Israel may bar Palestinian workers
Andrea Stone USA TodayTEL AVIV, Israel -- The Israeli government is considering a plan that would prohibit Palestinians from working within Israel's borders, according to two senior Israeli officials.
The proposal comes as the international community is trying to bolster the Palestinian economy in the West Bank and Gaza.
Unemployment and poverty there have soared since the Palestinian intifada, or uprising, began in September 2000.
Israeli national security adviser Giora Eiland linked the move away from employing Palestinians inside Israel to the country's planned withdrawal of Jewish settlements in Gaza and parts of the northern West Bank this summer.
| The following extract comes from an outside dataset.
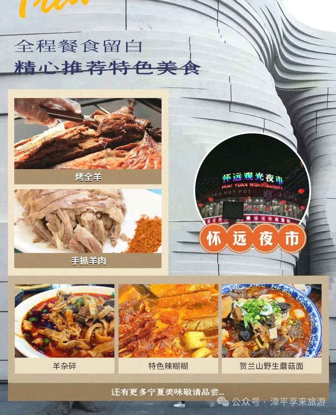 尊敬的贵宾您好,欢迎您来到美丽富饶的塞上江南“凤凰城”—银川市。这里地处祖国内陆,热情朴实的民风会感染您,这里的一切会让您感受到不一样的风情!我社将安排专人接站送您到市区入住酒店。市内半日自由行:上午航班的客人有足够时间进行银川半日自由行,舒服小睡以后,步行/打车/公交,参观城市名片—银川万达商场、银川鼓楼、玉皇阁、览山公园、新华步行街、中山公园、宁夏博物馆等。1、旅行管家在您抵达银川的前一天21点之前,以短信/电话方式通知您接团事宜、当地天气、注意事项等。请保持签合同时所留手机号码畅通并记住旅行管家专属电话。后期行程中有任何问题请在第一时间与旅行管家联系,旅行管家随时在您身边。2、不同航班30分钟以内同一辆车接/送飞机;不同车次30分钟以内同一辆车接/送火车/高铁。1、银川市区著名建筑及商圈推荐:鼓楼、玉皇阁、承天寺塔、海宝塔、新华街商圈、万达商圈、大阅城商圈。2、银川美食及夜市推荐:小叶手抓、德鼎逸品涮羊肉、红柳枝烤肉、宁大怀远夜市、大阅城观光夜市。

The goal is to "reduce mutual dependence" between Israelis and Palestinians, Eiland said in an interview Sunday. "For us, it is too dangerous" to allow Palestinians to enter the country when Israeli security officials regularly apprehend would-be attackers at border crossings.
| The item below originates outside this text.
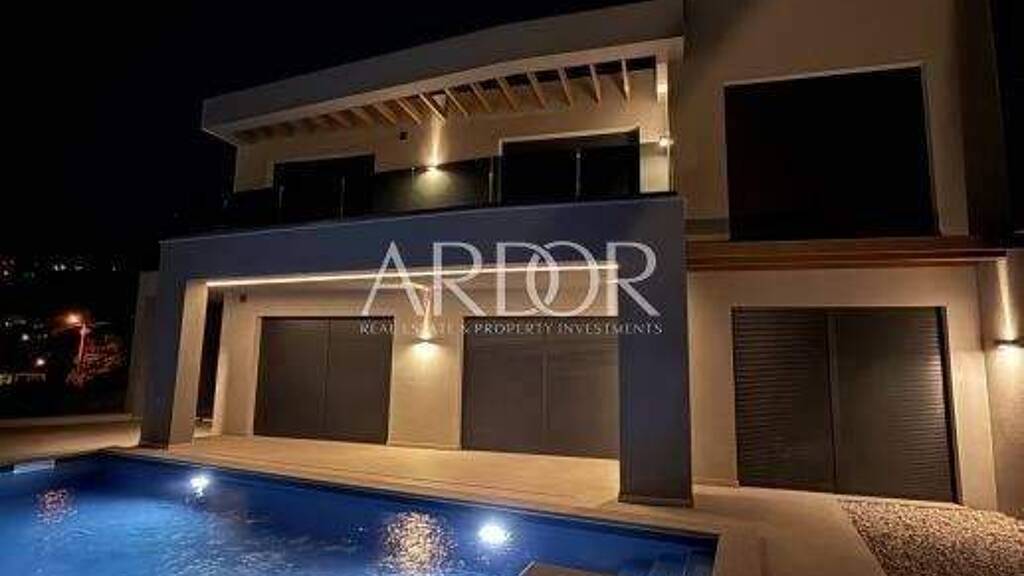 Die Villa verfügt über eine Wohnfläche von 200 m² und liegt auf einem Grundstück von 400 m², verteilt auf mehrere Ebenen. Im Untergeschoss befinden sich eine große Garage, eine traditionelle Taverne (Konoba) sowie ein geräumiger Abstellraum. Über eine Innentreppe gelangt man ins Erdgeschoss, das aus einem Gästezimmer, einem großzügigen Open-Space-Wohnbereich mit Küche und Essbereich besteht, mit direktem Zugang zur Terrasse, zum Pool und zur Sommerküche. Auf derselben Ebene befinden sich zudem ein Hauswirtschaftsraum mit Waschküche sowie ein zusätzliches WC.

Vice Premier Shimon Peres, speaking Tuesday in an interview before leaving for the United States to promote economic aid for the Palestinians, said freezing out Palestinian workers "doesn't make any sense," but he confirmed that Israeli planners have discussed the idea.
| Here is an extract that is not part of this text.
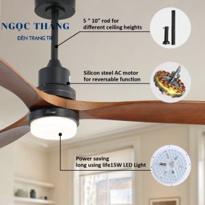 Quạt Trần Đèn Led 3 Cánh Gỗ Trang Trí Sảnh Phòng Khách Cao Cấp QT2010 Ngọc Thắng (Kèm remote điều khiển từ xa)

"That was offered to the government, but it wasn't yet decided finally," Peres said. Though the former prime minister said he thinks excluding Palestinian laborers is a bad idea, he conceded, "We cannot build a Gazan economy upon people coming to work in Israel."
Before the Palestinian uprising began, 150,000 Palestinians worked inside Israel, according to the United Nations Office of Humanitarian Affairs in Jerusalem.
In response to the violence, Israel introduced security barriers and travel restrictions, and the workforce has been reduced to 30,000. The United Nations says Palestinian unemployment rose from 10 percent in September 2000 to 40 percent now. Joblessness is even higher in Gaza, at 68 percent.
A World Bank report in October said that without steps to improve the climate for private investors, "there is no prospect of a sustained recovery of the Palestinian economy."
"Employment is the best answer to violence," Peres said. He arrives in Washington today to meet with Palestinian, European and U.S. officials to discuss the "privatization of peace." He's looking for buyers for 1,000 acres of settlement greenhouses, which he says could provide 20,000 jobs to Palestinians.
Peres hopes to create industrial zones in the Palestinian territories modeled after successful ventures in Jordan and Egypt. He says European and U.S. companies expressed interest. Among them: computer makers Hewlett-Packard, Cisco Systems and Applied Materials.